HOUSE BILL REPORT
SHB 1847
As Passed House
February 3, 1992
Title: An act relating to administrative law judges.
Brief Description: Prohibiting any person who has worked for an agency from becoming an administrative law judge for that agency for five years.
Sponsor(s): By House Committee on State Government (originally sponsored by Representatives Van Luven, Grant, McLean, Sheldon, Tate, Ferguson, Bowman, Chandler and Paris).
Brief History:
Reported by House Committee on:
State Government, March 6, 1991, DPS;
Passed House, March 13, 1991, 98-0;
Passed House, February 3, 1992, 96-0.
HOUSE COMMITTEE ON
STATE GOVERNMENT
Majority Report: That Substitute House Bill No. 1847 be substituted therefor, and the substitute bill do pass. Signed by 10 members: Representatives Anderson, Chair; Pruitt, Vice Chair; McLean, Ranking Minority Member; Bowman, Assistant Ranking Minority Member; Chandler; R. Fisher; Grant; Moyer; O'Brien; and Sheldon.
Staff: Kenneth Hirst (786-7105).
Background:
Conflict of Interest Act. The state's Executive Conflict of Interest Act prohibits certain activities by employees and former employees of the executive branch of state government which could be construed as creating a conflict of interest with their duties as a state employee. For example, for a period of one year after state employment, a former state employee is prohibited from accepting employment or compensation from a private business if the employee was' during the two years before the end of state employment, engaged in negotiating or administering on behalf of the state a contract with that business. This restriction applies if: the employee was in a position to make discretionary decisions affecting the outcome of that negotiation or administration; the contract, or group of contracts, had a total value of more than $10,000; and the duties of the former employee for the business would include fulfilling or implementing the contract or the supervision or control of actions taken to implement the contract. These restrictions do not apply with regard to employment by a business which is a state employee organization.
Administrative Law Judges. State law governing the Office of Administrative Hearings permits any party to a hearing being conducted by administrative law judge appointed by the office to file a motion of prejudice against the judge assigned to the hearing. The motion must be filed with the state's chief administrative law judge. The first such motion filed by a party must be automatically granted.
Summary of Bill: The Executive Conflict of Interest Act is amended. A person formerly employed by a state agency may not act as an administrative law judge in any hearing, rule-making, or investigatory proceeding involving an action of that agency for a period of two years following employment by the agency.
The laws governing administrative law judges are also amended.
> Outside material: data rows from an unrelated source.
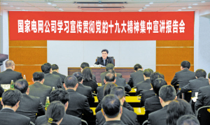 舒印彪在英大传媒集团宣讲党的十九大精神时强调以党的十九大精神为指引凝聚广大干部职工干事创业强大力量 11月20日,党的十九大代表、国家电网公司党组书记、董事长舒印彪赴英大传媒投资集团有限公司,深入宣讲党的十九大精神,强调把学习宣传贯彻党的十九大精神作为首要政治任务,坚决在思想上政治上行动上同以习近平同志为核心的党中央保持高度一致,以党的十九大精神为指引,努力开创各项工作新局面。要求公司新闻宣传战线要宣传好党的十九大精神,充分展现公司在服务党和国家工作大局中的生动实践和突出成就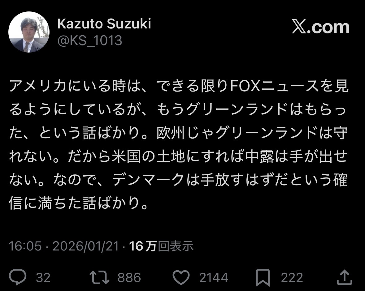 | … | 491無念Nameとしあき26/01/21(水)21:17:11No.1381780652そうだねx1ロシア「グリーンランドははロシアにとってのクリミア的存在だからアメリカが所有すべき」 |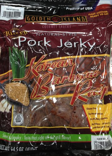 2 x 14.5oz Pork Jerky Korean Barbecue Recipe Gourmet Snack Golden Island. Brand new & sealed in factory packaging. Two (2) bags per order. Net weight 14.5oz per bag. Sweet & slightly smoky, you'll enjoy this jerky as much as the grilled pork from your favorite Korean inspired restaurant. With bold flavors of sesame and spices, this sweet and soft jerky will become one of your favorite snacks. Tastes like it just came off the grill! Sweet, tender and flavorful. Fully cooked, ready to eat. Product of USA.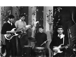 Первая «настоящая» советская рок-группа появилась, как считает критик Артемий Троицкий, в Риге в конце 1961 года. Коллектив назывался «Ревенджерс»[Прим. 11]. Музыканты играли на появившихся в продаже в 61-м году чешских электрогитарах, а бас-гитары делали самостоятельно, используя струны от рояля[Прим. 12]. В 1963 году появилась первая эстонская рок-группа «Юниоры»[64]. Первой московской рок-группой стали просуществовавшие недолгое время «Братья», второй — «Соколы» (они же первыми запели рок на русском языке), а третьей — конкурировавшие с ними «Славяне» Александра Градского. Однако слово «рок» ещё не имело хождения, а все коллективы носили название «биг-бит» или просто «бит». К 1966 году в больших городах существовали десятки «биг-битов». В это же время проходят первые фестивали: в Риге во Дворце спорта сыграли «Мелоди Мейкерз», «Атлатик», «Эолика». В Ленинграде первый концерт прошёл в двухместном кафе «Ровесник». Все эти концерты были нелегальными, но столкновения с властями не возникало. Шаг к официальной адаптации рока был сделан в 1966 году, когда появились группы (ВИА) «Поющие гитары» и «Веселые ребята». Однако они по мнению того же Троицкого представляли лишь «кастрированную» версию рока, поскольку их репертуар состоял из «рутинных поп-песенок». К 1968 году по всей стране возникли бит-клубы, хотя они практически сразу закрывались начальством. В Москве к тому времени существовало уже двести шестьдесят три рок-ансамбля[65][Прим. 13].

All motions of prejudice filed with the chief of the Office of Administrative Hearings against a judge assigned by the office to a hearing must be automatically granted if the judge was, within the last two years, an employee of an agency which is a party to the action being heard.
Fiscal Note: Not requested.
Effective Date: Ninety days after adjournment of session in which bill is passed.
Testimony For: (1) The bill prevents the appearance of unfairness which would occur if a person acted as an administrative law judge in a controversy involving an agency which had recently employed that person. (2) The bill will ensure that the position of administrative law judge does not become a retirement benefit offered to favored agency staff.
Testimony Against: (1) The Office of Administrative Hearings has an excellent track record. Of the over 350,000 cases heard to date, complaints have been filed regarding judges in less than 10 cases. (2) Five years is too long for the prohibited period.
Witnesses: Representative Van Luven (in favor); Clif Finch, Association of Washington Business (in favor); and David LaRose, Chief Administrative Law Judge (opposed five-year period).